Keeping pictures out, repeat the lines of the listing below exactly, starting at its first line and finishing with the one that holds "Cumhurbaşkanı Erdoğan, Baykar".

RECORDED DATA>
◇ ◇ ◇ ◇
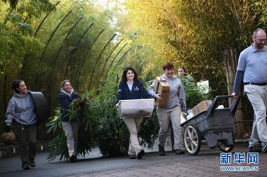 11月19日,在美國華盛頓的美國國家動物園,飼養(yǎng)員運(yùn)送竹子、水果、飲用水等,供“貝貝”飛行期間食用。 新華社記者 劉杰 攝
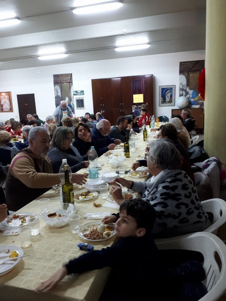 Incontro festoso tra animatori della Caritas parrocchiale, volontari e parrocchiani che hanno contributito ad AIUTARE la Caritas ad AIUTARE i più bidognosi con il loro contributo alla cena.
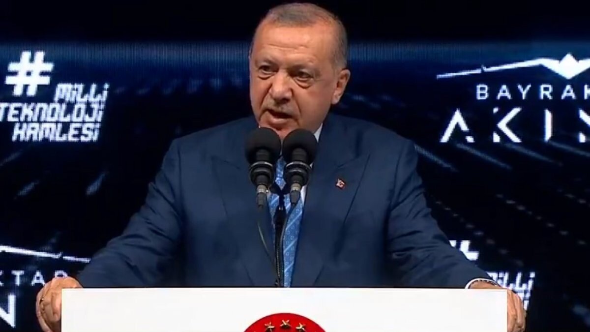 Cumhurbaşkanı Erdoğan, Baykar Akıncı Taarruzi İnsansız Hava Aracı (TİHA) Teslimat ve Kurs Bitirme Töreni'nde konuştu.
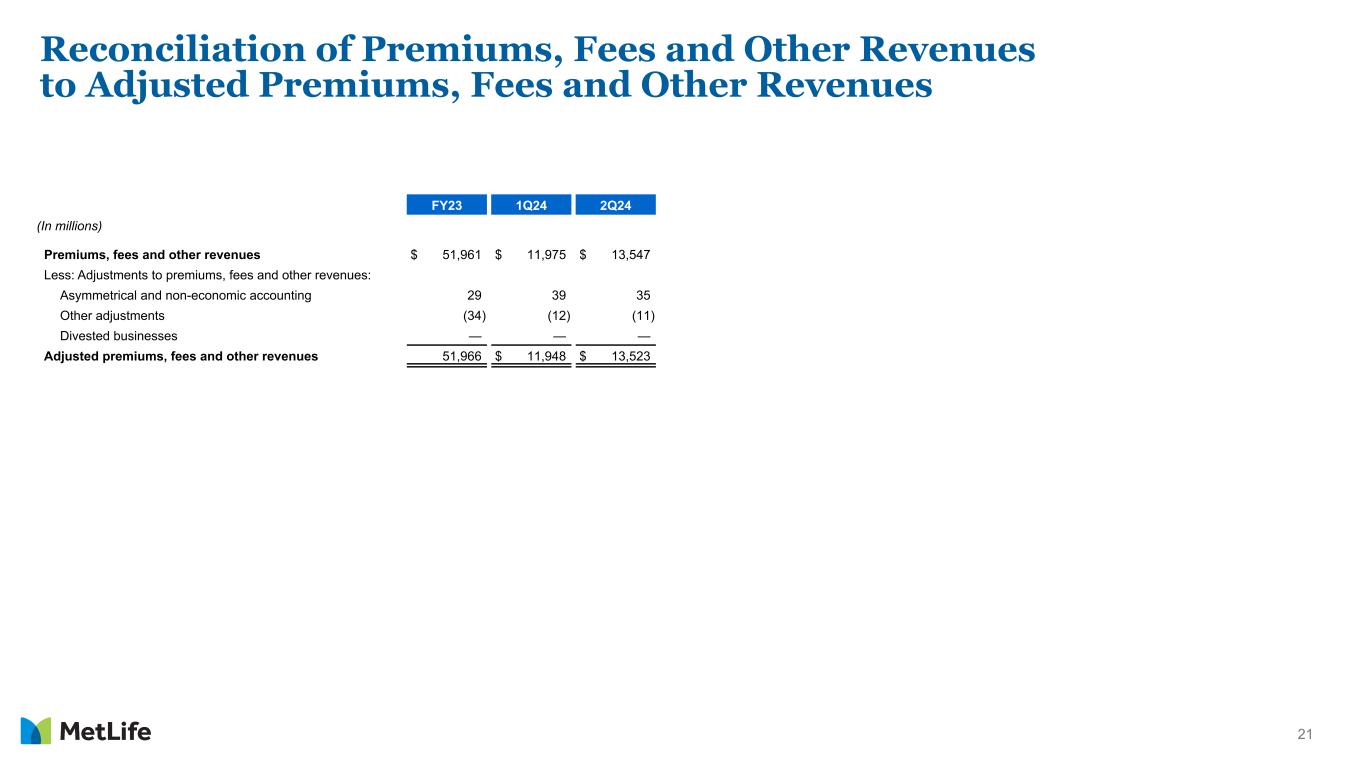 20 Reconciliation of Net Investment Income to Adjusted Net Investment Income FY21 FY22 FY23 2Q23 2Q24 (In millions) Net investment income $ 21,395 $ 15,916 $ 19,908 $ 5,072 $ 5,205 Less: Adjustments to net investment income Investment hedge adjustments (895) (976) (1,012) (263) (172) Unit-linked contract income 952 (1,298) 1,183 296 219 Other adjustments (9) (10) (12) (1) (2) Divested businesses 67 11 — — — Adjusted net investment income $ 21,280 18,189 $ 19,749 $ 5,040 $ 5,160
◇ ◇ ◇ ◇
THE ANSWER>
 11月19日,在美國華盛頓的美國國家動物園,飼養(yǎng)員運(yùn)送竹子、水果、飲用水等,供“貝貝”飛行期間食用。 新華社記者 劉杰 攝
 Incontro festoso tra animatori della Caritas parrocchiale, volontari e parrocchiani che hanno contributito ad AIUTARE la Caritas ad AIUTARE i più bidognosi con il loro contributo alla cena.
 Cumhurbaşkanı Erdoğan, Baykar Akıncı Taarruzi İnsansız Hava Aracı (TİHA) Teslimat ve Kurs Bitirme Töreni'nde konuştu.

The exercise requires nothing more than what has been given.